# McClelland Premium Aromatic: Town Topic



## Jeff10236 (Nov 21, 2010)

So, I have been slow to review some of my regular smokes lately and I'll be adding a few of my regulars. This has become one of them.

I first bought a tin of Town Topic about 2 months ago and it is one of my more regular aromatic smokes lately. It is a maple flavored blend of burley, Cavendish and Black Cavendish with the following tin description: "Delightfully fragrant in the room, soft on the palate, this smooth blend has long-lasting good taste. Delicately maple flavored in a time-honored tradition for a smoke that's the talk of the town". OK, "talk of the town" may be a bit overblown, but it is good stuff.
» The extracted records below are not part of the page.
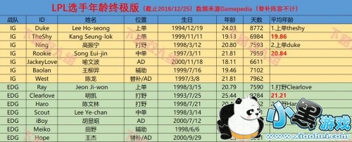 S8全球总决赛结束之后,很多战队纷纷大换血,为了S9赛季可以拿到更好的成绩,在其中也不乏一些选手选择退役,比如安掌门,或者说在考虑退役,比如RNG上单letme,其实这两人都面临着一个比较严峻的问题,就是在职业选手中,年纪偏大,安掌门就不用说了,letme是95年的,今年已经23岁了,如果S9赛季继续打,24岁的确算是职业高龄了。最近,有位NGA的老哥制作了一张LPL各大战队的平均年龄表,来看一下截止到圣诞节12月25日,每支战队的平均年纪是怎么样的吧!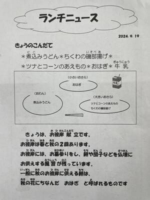 PTAの方が、1年生の保護者を対象に給食試食会を企画してくださいました。はじめに、栄養士による給食についての説明がありました。次に、配膳の様子を見学していただきました。最後に、給食を試食しました。今日はお彼岸メニューで、おいしかったという感想をたくさんいただきました。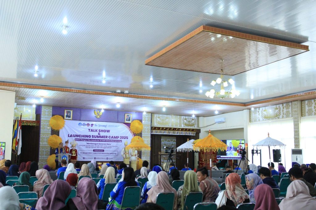 Peluncuran Summer Camp 2025 diselenggarakan di Aula K FKIP Unila pada Kamis, 30 Januari 2025. Kegiatan dihadiri pimpinan universitas dan fakultas, di antaranya Wakil Rektor Bidang Keuangan dan Umum Dr. Habibullah Jimad, S.E., M.Si., Wakil Rektor Bidang Kemahasiswaan dan Alumni Prof. Dr. Sunyono, M.Si., dan Ketua Senat Unila Prof. Dr. Herpratiwi, M.Pd.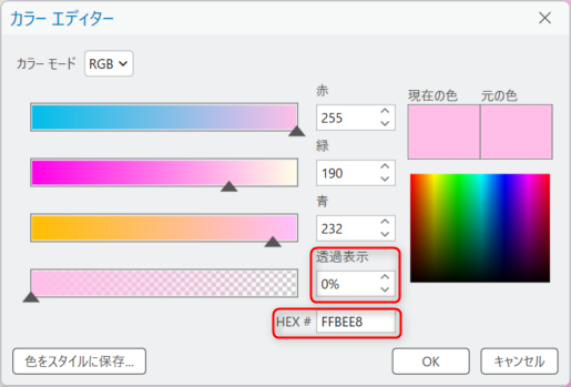 - 表示された [カラー エディター] ダイアログの [HEX #] と [透過表示] を記録しておきます。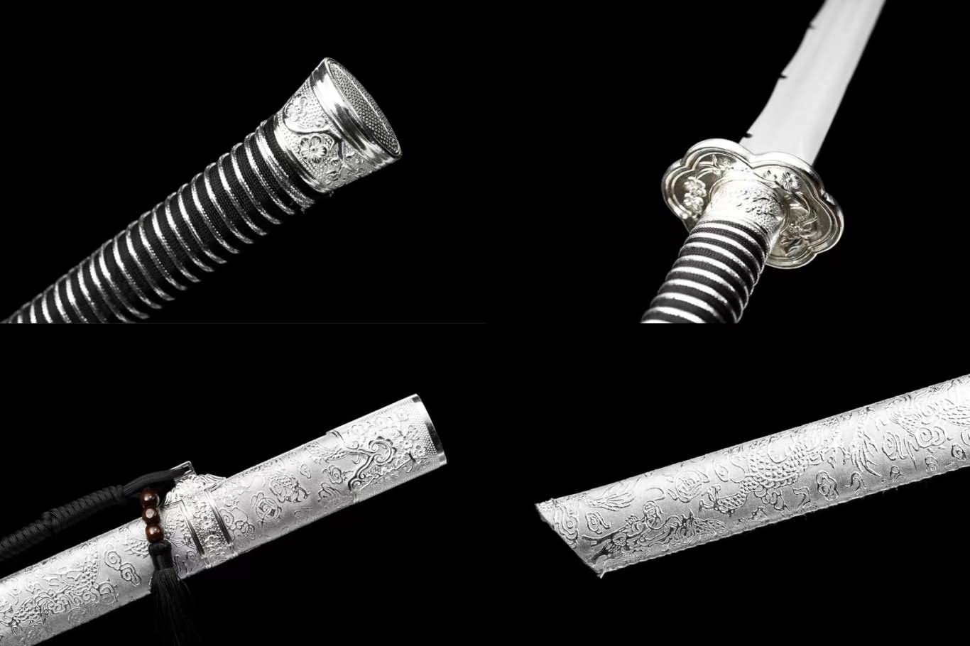 Sword generally consists of three components:blade,sheath and accessories.The main body, blade,is mostly iron,steel,copper.Sheath is made by wood. In order to avoid getting rusted,it should not be stored in damp place nor contact with sour, salty substances. Hand touch should also be avoided in case the surface got corroded by sweat.Oil shoul be applied on surface for maintainance for medium carbon steel,high carbon steel,pattern-welded steel(Damascus steel)material stainless steel blade.

Upon opening the tin, the tobacco presents as a nicely thick cut, dark chocolate and caramel brown tobacco. The smell is indeed very maple (I think my first thought may have been "what did I get myself into"). 

Initially, as with many aros, it seemed to be pretty wet and like so many aros I had to smoke carefully to avoid tongue bite (though not as carefully as with many). Now that what is left of my tin is a lot drier, it is a very forgiving smoke for an aro and you would have to try to get tongue bite or anything unpleasant off the smoke.

Flavor, it is a very nice blend. It is a mellow, creamy, flavorful tobacco. Like a good tobacco should, there is no doubt that it tastes like tobacco (something sometimes lost in a lesser aro). However, the maple is definitely there, and surprisingly well done. In the best way possible, it reminds me of a good pancake breakfast or a maple cookie. It leaves a very nice lingering sweetness long after smoking. My last smoke of it (yesterday) I smoked it in my car so I could experience the smell more than usual- it has a nice baked goods-like aroma. 

I really like this stuff. I was a little unsure of a maple flavored aro when I first bought it, I was afraid it might be too heavy. Well, I've been won over and I'll definitely need to buy more soon (I'm almost out).


----------



## dennis569 (Jan 16, 2007)

Jeff-
Thanks for the review. This is especially timely for me. I was just smoking a bowl of Butternut burley and was wondering what aro to try next. I don't smoke a lot of aros but there are times when they just seem to be right.
Thanks again
Dennis


----------



## quo155 (Aug 10, 2010)

Nice review Jeff, I just ran across it and I am thinking of getting some to try...thanks brother!


----------



## asmartbull (Aug 16, 2009)

Jeff is spot on.
Very nice "not to aro", Aro.
Great room notes and no bite if you let it sit in a Jar.
Worth trying if you enjoy Aro's


----------